2017 was an exciting year in terms of the movement of consumers between suppliers. Standard Variable Tariff (SVT) price increases at the beginning of the year saw record-high numbers of customers move away from the large suppliers in favour of a smaller alternative. Despite a total of 14 suppliers opting to increase prices at the beginning of 2017, British Gas bucked the trend and implemented a prize freeze until August 2017. The supplier then increased its standard electricity prices in September 2017, at a time when political and media attention was already falling heavily on suppliers.

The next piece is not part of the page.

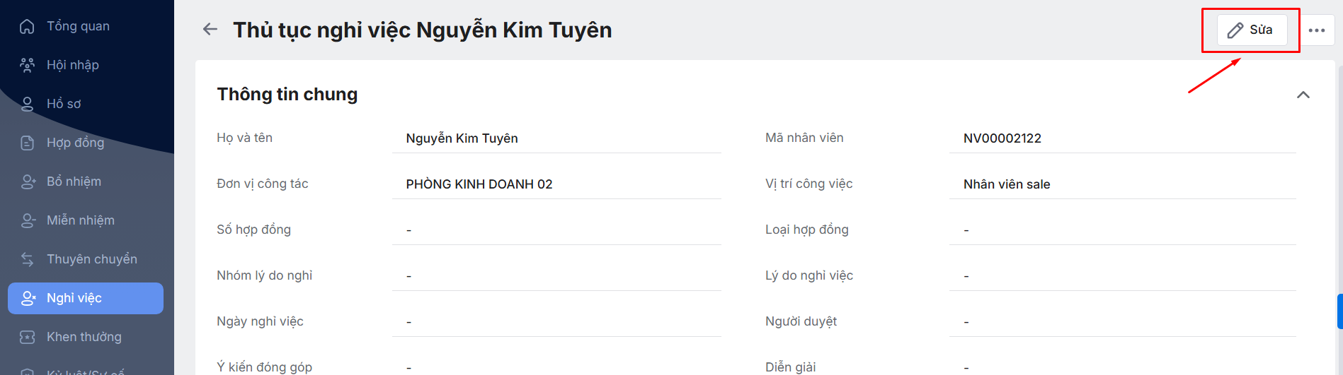 Hoặc Nhấn vào một thủ tục Nghỉ việc chi tiết\ Chọn chức năng Sửa.

In spite of British Gas’s efforts to defer any price increases, our Q4 2017 survey revealed that the move may have contributed to one of the supplier’s largest ever customer account losses. Centrica announced in its November trading update that between July and October it lost 823,000 UK energy supply accounts, attributing the losses to collective switching tariffs, white-label fixed price and prepayment tariffs, market switching trends and the impact of its price rise in September. Large suppliers lost a collective 775,000 energy accounts in our Q4 2017 survey, seeing their share fall 1.6 percentage points (pp) to 79.4% (Figure 1).
Increased large supplier losses, particularly from British Gas, and increased switching levels provided small and medium suppliers (SaMS) an opportunity to make significant gains over the quarter. SaMS added 855,000 energy accounts in Q4 2017, increasing their combined share of energy by 1.6pp to 20.6%. SaMS now hold an energy share greater than 20% across all markets, with their largest share recorded in the dual fuel market at 23.7%. Some medium suppliers recorded rapid growth over the quarter, with particularly large gains made by Bulb. After announcing that it had reached 100,000 customers in August 2017, Bulb went on to announce in November 2017 that it had already doubled in size to 200,000 customers. The supplier further stated in December 2017 that is had now surpassed 250,000 customers, marking exceptional growth within the six-month period, and moving into our “medium supplier” classification.
We have seen an increasing importance placed on the 250,000 energy account threshold over recent months, with growth slowing for some small suppliers as they approach the point at which they become liable to pay the Warm Home Discount and the Energy Company Obligation, while others push through it at a rapid pace, such as Bulb. Flowgroup announced in trading update at the end of November that it will maintain customer accounts just under 250,000, which it estimates will save the company approximately £2.5mn. Directors believe this move will create “a strong foundation for further, profitable growth”, but also marks the first instance in which a supplier has regressed from a medium to a small supplier.
At 31 October 2017, we recorded 50 suppliers with fewer than 250,000 energy accounts, with their combined accounts equating to 5.6% of the total market.